The men cheered wildly as she walked down the center aisle to speak with Patrick. “Can you even throw a baseball with only one arm? Won’t you lose your balance?”
“I’m okay. Sort of been practicing in the basement.”
She glanced over her shoulder at Timmer. “He looks like he can hit. Can you get him out without breaking anything?”
Shep offered a wry smile.
“Strangler! Strangler! Strangler!”
“Two pitches.” She took cover behind the nurses’ station alongside Amanda Gregory. The nurse offered a shrug. “Could be worse. At least they’re not thinking about the war.”
Alex Timmer pointed his bat at Shep, Babe Ruth style. “Bring it, hotshot. Right over the plate.”
Shep turned away, adjusting his grip on the ball, using his upper thigh as leverage. Unable to maintain his balance in a full windup, he had to pitch from the stretch. He set himself, then, ignoring the batter, focused his eyes on the target. His left leg kicked, driving his knee up to his chest before extending forward into a powerful stride that simultaneously unfurled his right arm, a slingshot that hurled a spinning white blur through the air down the center aisle past the flummoxed batter a full second before he completed his awkward uppercut of a swing, the two-seam fastball denting the bedpan at its center point.
Strike two.
The men went crazy. Money was exchanged, a few tempers flared — the batter’s among them. “One more, Shepherd, give me one more fastball. You’d better duck, this one’s coming back up the middle.”
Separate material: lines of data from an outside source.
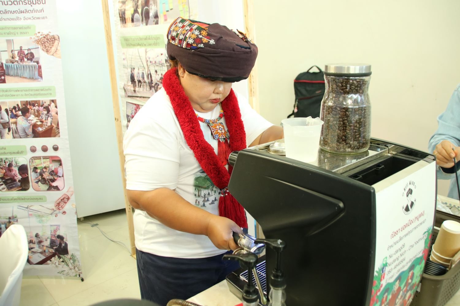 ผู้ใหญ่บ้านปางปูเลาะ น.ส. ณิชยา ยอดเมือง ประกลุ่มวิสาหกิจชุมชนวัดติโลกอาราม ร้านกาแฟท่าเรือ@กว๊านพะเยา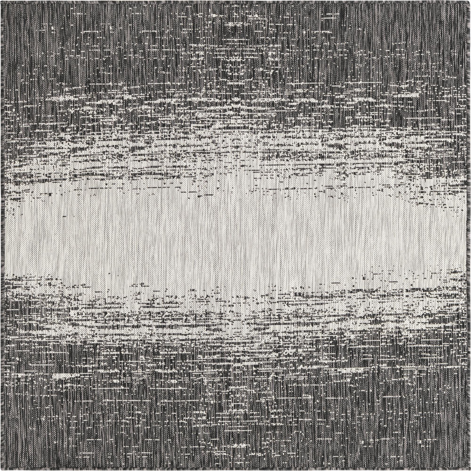 A 5'3" x 5'3" square black and gray flatweave rug with a modern, distressed stripe pattern, suitable for indoor or outdoor use.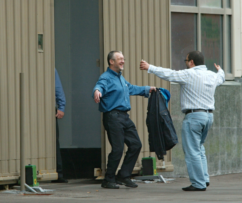 Криминальный авторитет Вячеслав Иваньков, более известный как Япончик (слева), с сыном после заседания суда.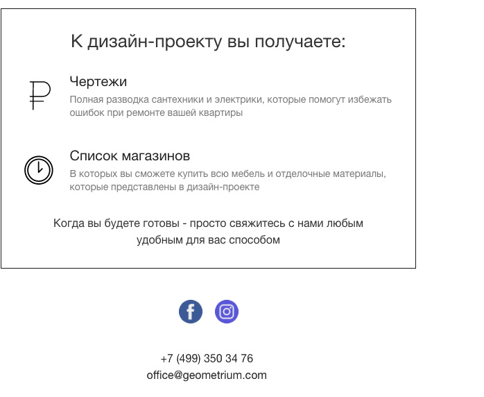 В них нет ни одной фотографии, хотя студии предоставляют услуги дизайна интерьеров, где визуальная часть - самое важное. Текст написан просто в Яндекс.Почте неприятным шрифтом.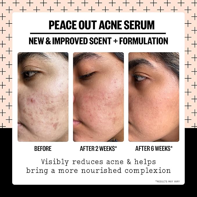 PEACE OUT Skincare Acne Serum. Daily Multi-Benefit Face Serum with 2% Salicylic Acid to Target Pimples, Zits, Blemishes and Breakouts, For Clearer-Looking Skin 1 fl oz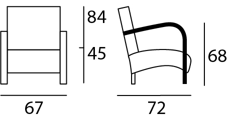 Détails techniques : structure en pin massif, accoudoirs en hêtre massif cintré à la vapeur pour plus de solidité, assise sur sangle élastique verte, mousse assise HR 40 kg/m3 et mousse dossier HR 25kg/m3, assemblage tenons de mortaises. Dimensions : H 84-L 67-P 72 – H ass. 45 – H acc. 68.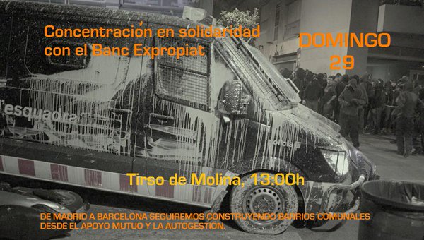 “Piedras, pintadas, martillos y contenedores ardiendo. La dignidad, recuperada a la fuerza y sin pedir permiso, se abre camino estas noches en las calles de la Vila de Gràcia con la resistencia organizada en torno al desalojo del Banco expropiado, en el enésimo intento del estado de derrumbar nuestros sueños. Porque no nos está permitido tener sueños, hacer realidad un nuevo mundo que rompa las cadenas a las que nos ata este viejo mundo en el que sobrevivimos. No nos está permitido portar las ideas de la cabeza y el corazón en las manos.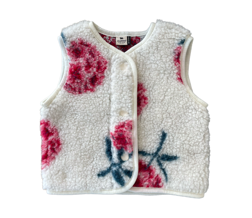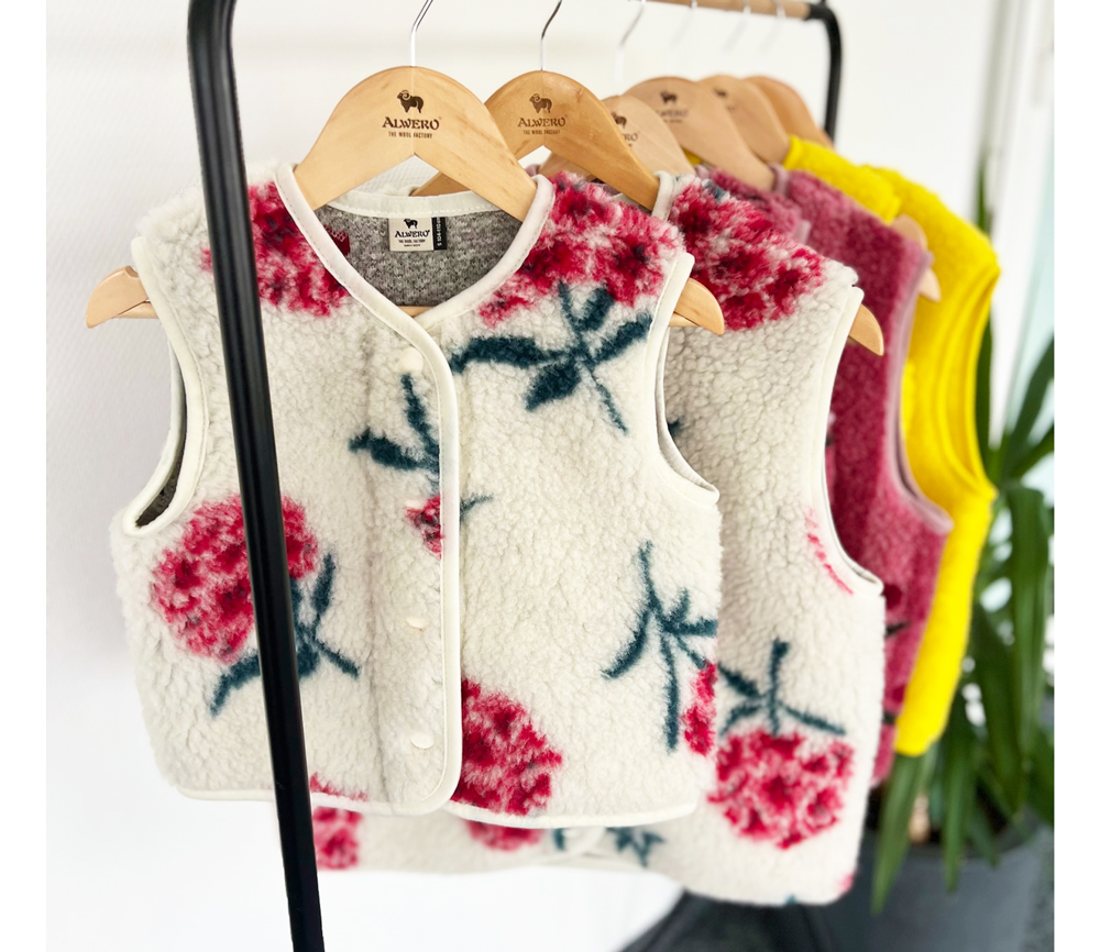 Pflegehinweis: Wolle ist von Natur aus selbstreinigend. Oft genügt es, die Weste gut auszulüften oder vorsichtig auszubürsten. Die Weste muss vor dem ersten Tragen nicht gewaschen werden.
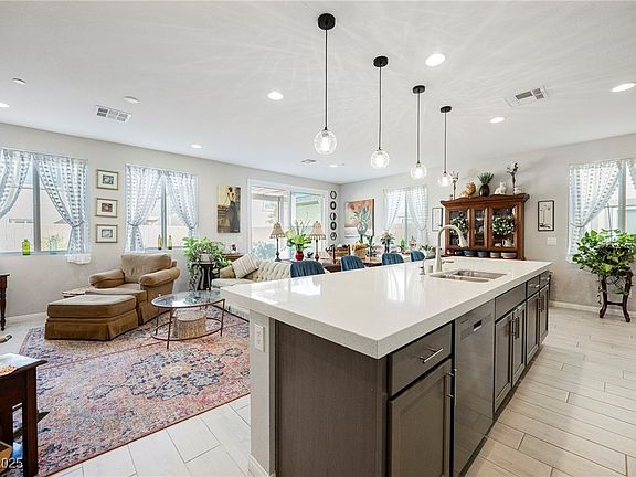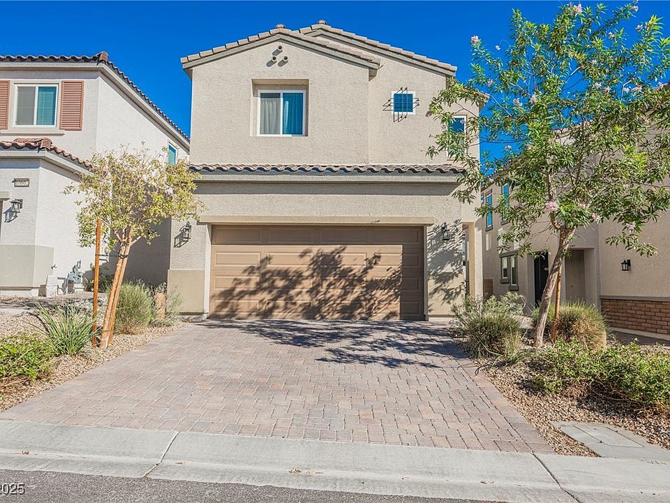 Gorgeous two-story home, nestled in a quiet gated community within the sought-after Skye Canyon master plan. With 3 bedrooms and 1,704 square feet of thoughtfully designed living space. The open-concept kitchen, living, and dining area is ideal for entertaining with beautiful tile flooring. Kitchen features all stainless steel appliances and custom maple cabinets. Serene mountain views that create a peaceful backdrop to your everyday life. Step outside to enjoy the low-maintenance desert landscaping. As a resident of Skye Canyon, you'll have access to a vibrant community center featuring a popular local coffee shop, fitness center, pool, and a calendar of events. Outdoor enthusiasts will love the walking trails, splash pads, playgrounds, pickleball and basketball courts, and lush green spaces—all framed by breathtaking views of Mount Charleston. Make Skye Canyon home today!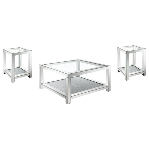 CoasterThis mirrored coffee table set exudes modern luxury with bold, diamond-shaped designs. Including a coffee table and two end tables, three pieces fe...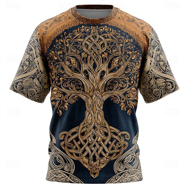 More information about Men's 3D Celtics Tree Of Life T Shirt Short Sleeve T shirt 3D Print Crew Neck Shirt Viking Designer Casual Party Street Blue Purple Brown Summer Spring Clothing Apparel S M L XL XXL XXXL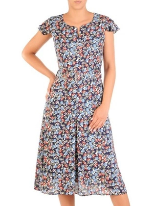 Sukienka w kwiaty, letnia kreacja z tkaniny bawełnianej 30173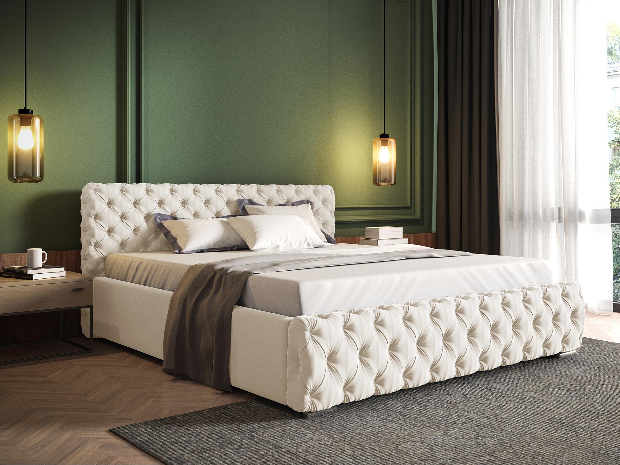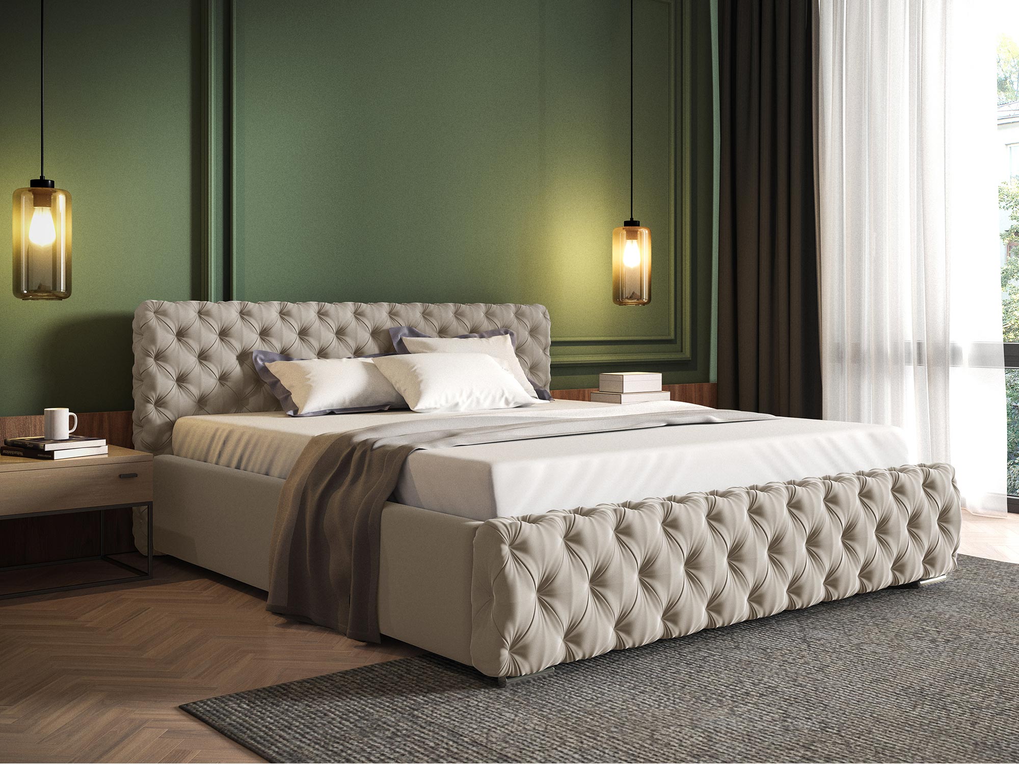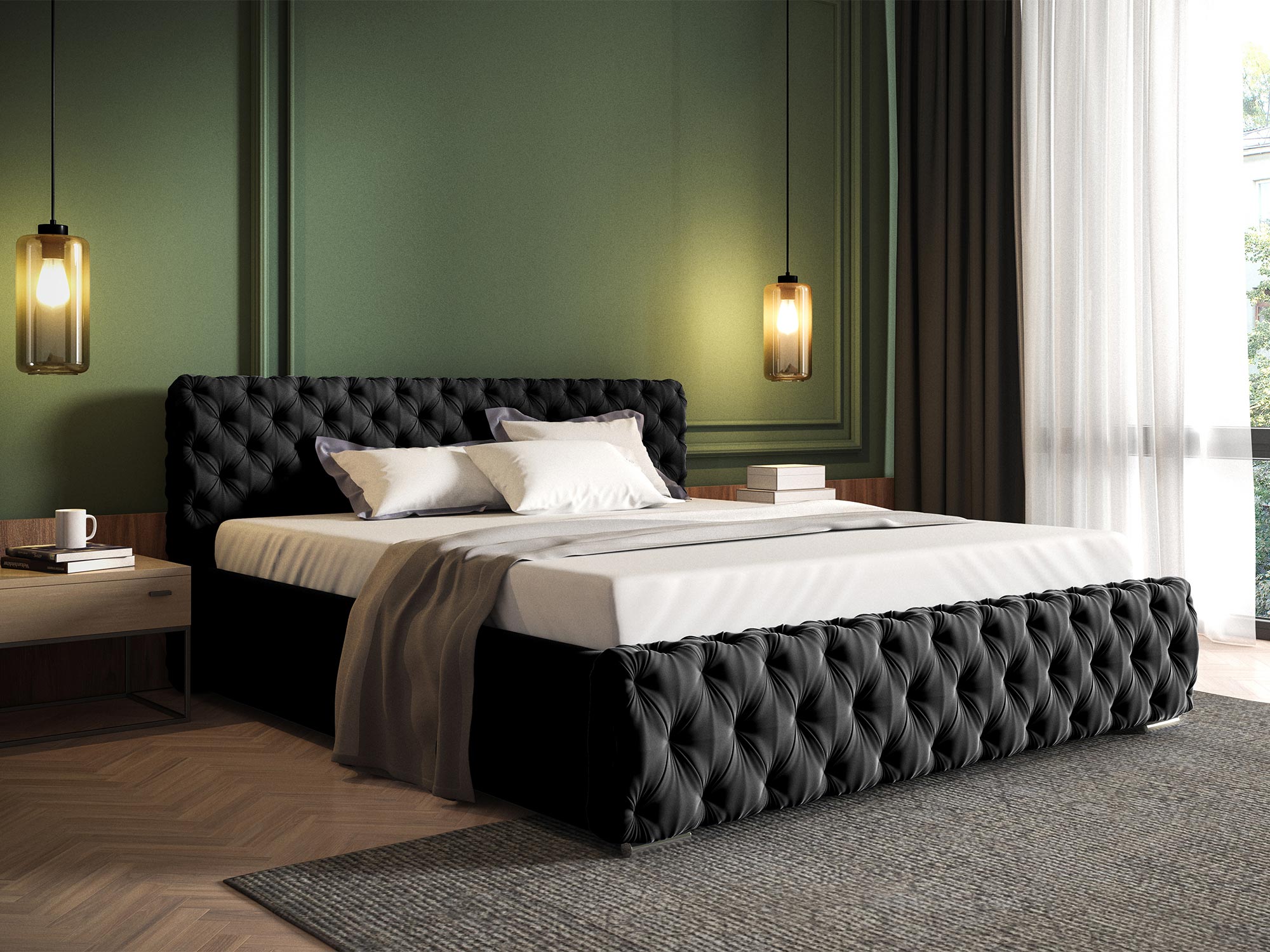 • Głęboko pikowane zagłowie i przód łóżka: Zapewniają luksusowy wygląd i wygodę.

Shep retrieved the last ball from one of the veterans. He set a slightly different grip on the seams, his expression rivaling the best poker faces in Vegas.
Nothing changed. Not the speed of the delivery or the angle of his arm or the release — just the grip. The white Taser flew past a sea of steel beds en route to the makeshift plate and the awaiting batter before the baseball suddenly nosedived into a breaking slider that slipped ten inches beneath Alex Timmer’s whirling lumber — his swing rendered so violently off kilter that it corkscrewed the one-legged veteran 360 degrees. Ash wood met prosthetic leg, the device shattering into shards of aluminum and steel, landing Timmer hard on his buttocks. He howled as a slice of metal punctured his left butt cheek.
Silence stole across the crowd. Dr. Nelson stood by the nurses’ station, her complexion as pale as her lab coat.
“Damn it, Shepherd! I waited eight months for this leg! Eight months! Now what am I supposed to do?”
Shep shrugged. “Next time, bunt.”
The men whooped and hollered with laughter.
Grabbing the closest walker, the one-legged man pulled himself off the linoleum floor and limped up the aisle, intent on assaulting the one-armed man. Dr. Nelson remained frozen in place, watching dumbfounded as her interns hurried to intervene.
Her pager reverberated in her pocket. She fumbled for the instrument. Read the text message:
the vips have arrived.
Her leap of faith was waning, replaced by a sense of dread. Heaviness weighed in her lungs. Nausea rose in her stomach. A dull pain took root in her temples, the headache made worse by the incessant ringing of bells. The Christmas sound grew louder as she approached the crossroad of 46th Street and First Avenue, the United Nations Plaza looming into view.
Heath Shelby stopped ringing the bell. Pulling off one glove, he scratched his face beneath the annoying Santa Claus beard. A freelance writer, Shelby also did voice-over for local radio spots. He had been a volunteer with the Salvation Army for two years — one of his wife Jennifer’s requirements when she agreed to uproot their family from Arkansas.